Exercise objective -> Your copy of the listing must be exact and must hold no images.

Stored data ->
—————

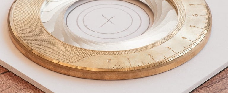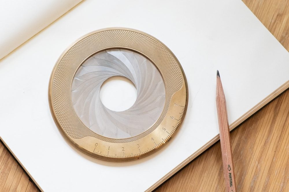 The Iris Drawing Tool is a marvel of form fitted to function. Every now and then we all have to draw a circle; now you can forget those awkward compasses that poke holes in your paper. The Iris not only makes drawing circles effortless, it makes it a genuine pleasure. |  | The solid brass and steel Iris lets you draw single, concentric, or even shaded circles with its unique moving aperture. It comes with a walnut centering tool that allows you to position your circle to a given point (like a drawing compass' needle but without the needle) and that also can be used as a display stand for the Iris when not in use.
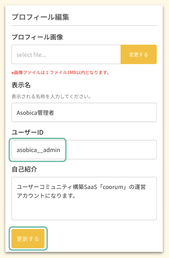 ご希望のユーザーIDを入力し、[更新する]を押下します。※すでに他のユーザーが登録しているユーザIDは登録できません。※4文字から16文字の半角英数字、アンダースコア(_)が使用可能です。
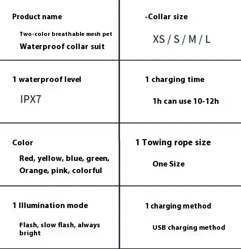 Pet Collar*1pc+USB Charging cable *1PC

—————

Output of the exercise ->
 The Iris Drawing Tool is a marvel of form fitted to function. Every now and then we all have to draw a circle; now you can forget those awkward compasses that poke holes in your paper. The Iris not only makes drawing circles effortless, it makes it a genuine pleasure. |  | The solid brass and steel Iris lets you draw single, concentric, or even shaded circles with its unique moving aperture. It comes with a walnut centering tool that allows you to position your circle to a given point (like a drawing compass' needle but without the needle) and that also can be used as a display stand for the Iris when not in use.
 ご希望のユーザーIDを入力し、[更新する]を押下します。※すでに他のユーザーが登録しているユーザIDは登録できません。※4文字から16文字の半角英数字、アンダースコア(_)が使用可能です。
 Pet Collar*1pc+USB Charging cable *1PC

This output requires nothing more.